As long as the temperature is nonzero, however, there will usually be some randomness in the option of the next token: you might run over and over with the very same prompt, and get a different conclusion (i.e., string of output tokens) each time.

So then to watermark, rather of choosing the next token arbitrarily, the concept will be to select it pseudorandomly, using a cryptographic pseudorandom function, whose key is understood just to OpenAI.”

The watermark looks entirely natural to those reading the text since the choice of words is mimicking the randomness of all the other words.

However that randomness includes a bias that can only be detected by someone with the secret to decipher it.

This is the technical explanation:

“To illustrate, in the special case that GPT had a bunch of possible tokens that it judged similarly possible, you might simply choose whichever token made the most of g. The option would look evenly random to someone who didn’t understand the key, but somebody who did understand the secret could later on sum g over all n-grams and see that it was anomalously big.”

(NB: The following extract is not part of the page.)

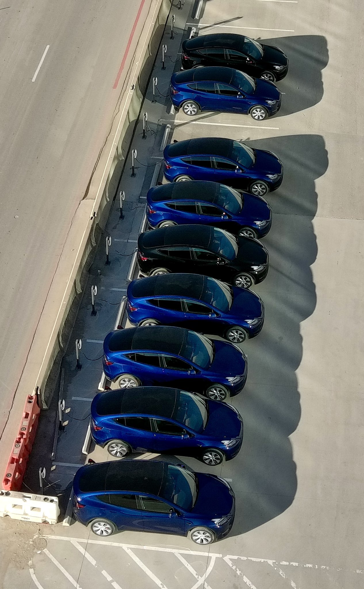 Capturado en Bridge por Drone por Jeff Roberts (@peterdog15.), se conectaron nueve Model Y a cargadores de destino en el estacionamiento de una fábrica.

Watermarking is a Privacy-first Option

I have actually seen conversations on social networks where some individuals suggested that OpenAI might keep a record of every output it creates and utilize that for detection.

Scott Aaronson verifies that OpenAI could do that but that doing so poses a privacy problem. The possible exception is for police situation, which he didn’t elaborate on.

How to Detect ChatGPT or GPT Watermarking

Something intriguing that seems to not be popular yet is that Scott Aaronson noted that there is a way to beat the watermarking.

He didn’t state it’s possible to defeat the watermarking, he stated that it can be defeated.

“Now, this can all be defeated with sufficient effort.

For example, if you used another AI to paraphrase GPT’s output– well all right, we’re not going to be able to identify that.”

It seems like the watermarking can be defeated, at least in from November when the above declarations were made.

There is no sign that the watermarking is currently in usage. But when it does enter use, it might be unknown if this loophole was closed.


Check out Scott Aaronson’s post here.